PF-4981517, also named CYP3cide, is a potent, efficient, and specific time-dependent inactivator of human CYP3A4. PF-4981517 is a very useful tool for understanding the relative roles of CYP3A4 versus CYP3A5 and the impact of CYP3A5 genetic polymorphism on a compound's pharmacokinetics. PF-4981517 is a lipophilic compound with a pKa which will render it cationic at physiological pH. Thus, it is possible that if incubate with high concentrations of microsomes, it can nonspecifically partition into microsomal phospholipid, and its apparent potency will be reduced.
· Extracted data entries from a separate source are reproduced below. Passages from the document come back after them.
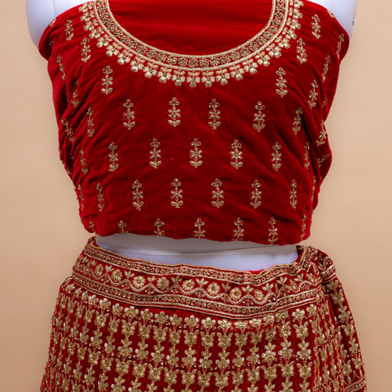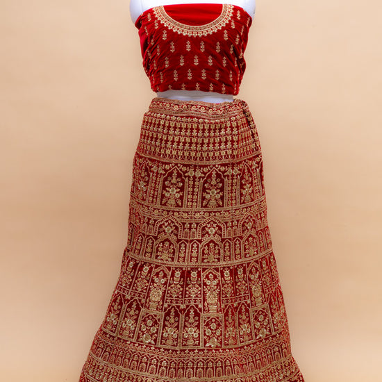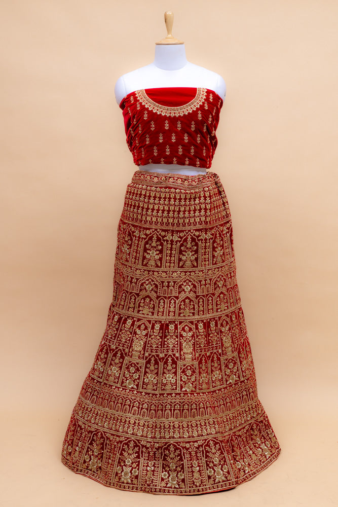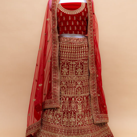Panna Maroon Velvet Lehenga Set With Net Dupatta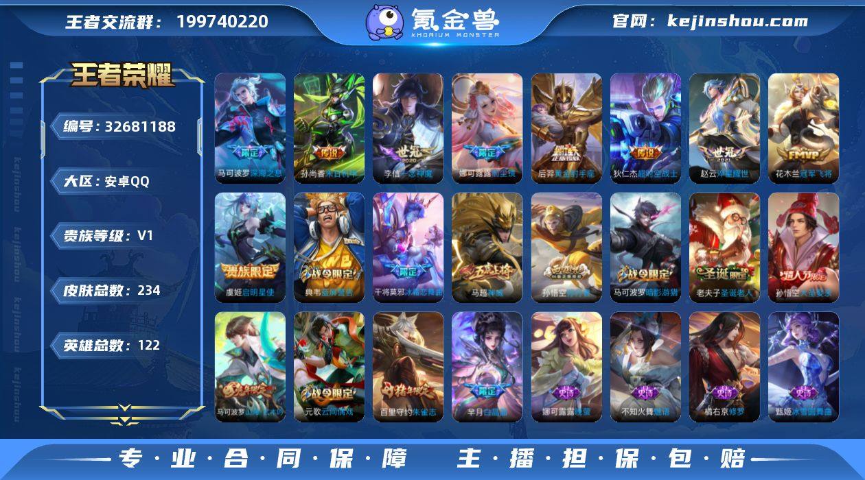 安卓Q-V0-尊贵铂金IV段位-122英雄-234皮肤-1典藏英雄-9传说-72史诗 【英雄全皮】:娜可露露全皮 【荣耀典藏】:武则天英雄 【传说皮肤】:娜可露露前尘镜,马可波罗深海之息,赵云淬星耀世,虞姬启明星使,李信一念神魔,花木兰冠军飞将,后羿黄金射手座,孙尚香末日机甲,狄仁杰超时空战士 【限定皮肤】:白起狰,狄仁杰阴阳师,虞姬凯尔特女王,赵云皇家上将,墨子神迹守卫,妲己热情桑巴,嬴政白昼王子,孙尚香蔷薇恋人,鲁班七号乒乒小将,庄周高山流水,阿轲迷踪丽影,扁鹊炼金王,芈月重明,芈月白晶晶,芈月幻夜卜梦,吕布猎兽之王,周瑜赤莲之焰,元歌云间偶戏,夏侯惇朔风刀,甄姬游园惊梦,曹操烛龙,典韦穷奇,典韦蓝屏警告,马可波罗暗影游猎,马可波罗深海之息,马可波罗山海玄木吟,狄仁杰魔术师,狄仁杰万华元夜,达摩星际陆战队,达摩沙漠行僧,项羽海滩派对,老夫子圣诞老人,老夫子醍醐杖,老夫子航海奇遇记,程咬金演武夺筹,刘邦夺宝奇兵,王昭君午后时光,兰陵王驯魔猎人,兰陵王金庭之子,娜可露露前尘镜,亚瑟潮玩骑士王,孙悟空大圣娶亲,孙悟空孙行者,牛魔御旌,后羿圣弓游侠,李元芳云中旅人,虞姬启明星使,钟馗驱傩正仪,女娲朔望之晖,干将莫邪...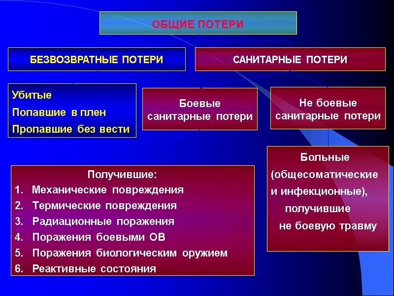 Для учета боевых санитарных потерь применяется классификация и номенклатура боевых поражений, которая включает шесть классов: 1. Механические повреждения 2. Термические повреждения 3. Радиационные поражения 4. Поражения отравляющими веществами 5. Поражения биологическим оружием 6. Реактивные состояния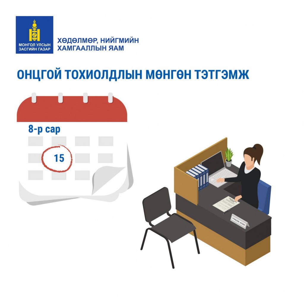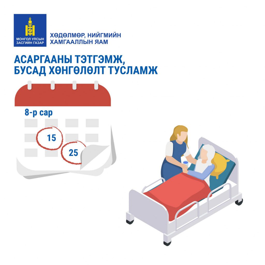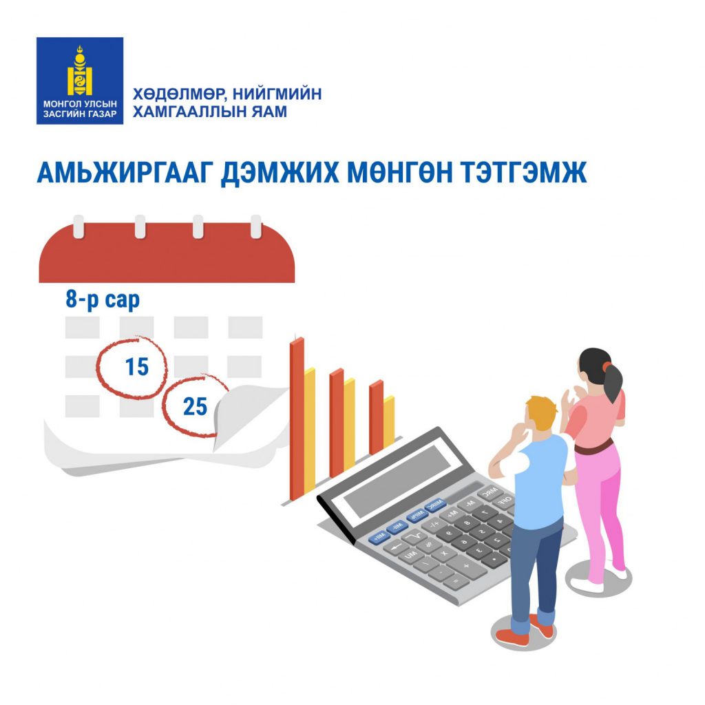 Нийгмийн халамжийн тэтгэвэр, тэтгэмж, хөнгөлөлт, тусламжийг наймдугаар сард олгох хуваарийг Хөдөлмөр, нийгмийн хамгааллын яамнаас танилцуулжээ. Үүнээс харахад хүүхдийн мөнгийг энэ сарын 22-ноос олгож эхлэх нь.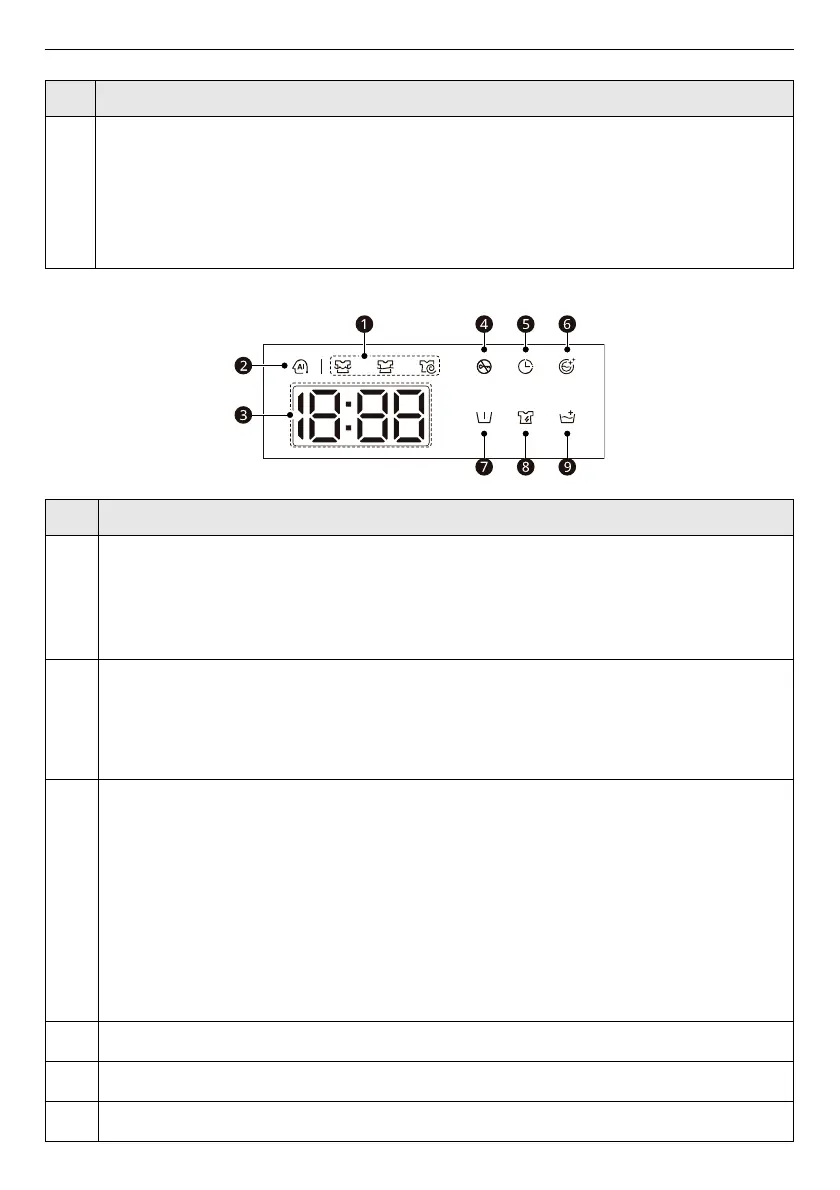 • Wanneer er een wasprogramma loopt, zal de LED voor de actieve fase knipperen, en de LED's

PF-4981517 should be useful to investigators seeking to delineate the relative contribution of CYP3A4 versus CYP3A5 in the metabolism of compounds cleared by CYP3A.


Reference


[1].Robert L. Walsky, R. Scott Obach, Ruth Hyland, Ping Kang, Sue Zhou, Michael West, Kieran F. Geoghegan, Christopher J. Helal, Gregory S. Walker, Theunis C. Goosen and Michael A. Zientek. Selective Mechanism-Based Inactivation of CYP3A4 by CYP3cide (PF-04981517) and Its Utility as an In Vitro Tool for Delineating the Relative Roles of CYP3A4 versus CYP3A5 in the Metabolism of Drugs. DMD September 2012 vol. 40 no. 9 1686-1697.